CFM6900 - Taxing loan relationships: anti – avoidance: consideration not recognised by accounting practice
Finance Act 2008 Rules
Some companies seek artificially to shelter profits on their
loan relationships (and derivative contracts – see CFM13679)
by transferring them to other companies in exchange for the issue
of shares. It is claimed under GAAP that the transferor is not
required to recognise any accounting profit.
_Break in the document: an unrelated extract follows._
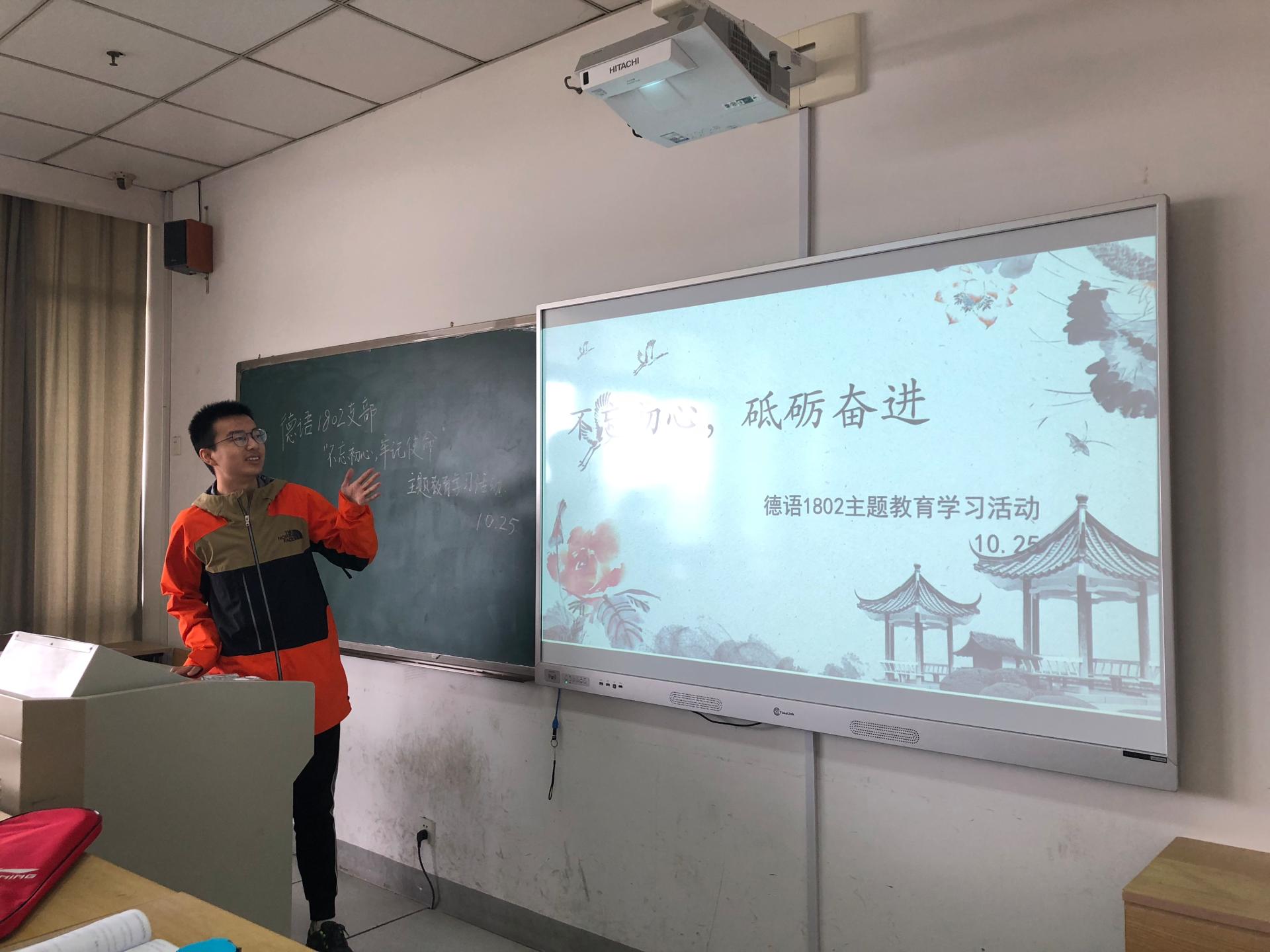德语1801团支部围绕“初心,使命,奋斗”三大主题,展开主题学习班会,学习中国共产党人的初心、使命和奋斗目标,结合自身制定未来规划和目标;德语1802团支部集体组织观看“新中国成立70周年成就展”活动,并开展“不忘初心,砥砺奋进”主题班会,观看学习微团课视频及先进团员事例等,牢固自己的理想信念,坚定自己的初心;汉语1801团支部开展党知识竞赛活动,同时结合竞赛内容,团员们进行交流讨论并上台发言分享;日语1801、1802团支部开展中山陵仪式教育主题团日活动,重温入团誓词,铭记历史,不忘初心,牢记新时代青年的使命与责任;英语1801团支部组织支部成员参观庆祝中华人民共和国70周年展览,认真学习新中国七十年来的发展变化,为祖国未来的发展贡献力量时刻做好准备;英语1802团支部开展“庆祝新中国七十周年诞辰”主题活动,进行知识竞答、诗歌朗诵等,弘扬爱国主义精神,通过文化的形式传播爱国正能量。

This is despite the
fact that the shares obtained are fully marketable and are capable
of being realised for the same cash value at which the loan
relationship could have been sold.
FA96/SCH9/PARA11B was introduced by Finance Act 2008 to
address this form of avoidance and has effect for disposals on or
after 16 May 2008.
The new rule applies where there is:
- a disposal in an accounting period (in whole or in part) of rights under a creditor loan relationship, and
- the consideration for the disposal is not wholly in the form of money (or a debt that falls to be settled by way of money), and
- the consideration, in accordance with GAAP, is not fully recognised in the disponor’s accounts for that accounting period or any other accounting period, and
- the disponor has a “relevant avoidance intention”.
“Relevant avoidance intention” means the intention
of eliminating or reducing the credits to be brought into account
for the purposes of the loan relationship rules.
Para 11B operates by bringing into account the full amount
of the consideration received for the accounting period in which
the disposal took place and takes priority over FA96/SCH9/PARA12.
However, para 11B will not apply if the consideration
brought into account in respect of the disposal is increased under
the transfer pricing rules at ICTA88/SCH28AA.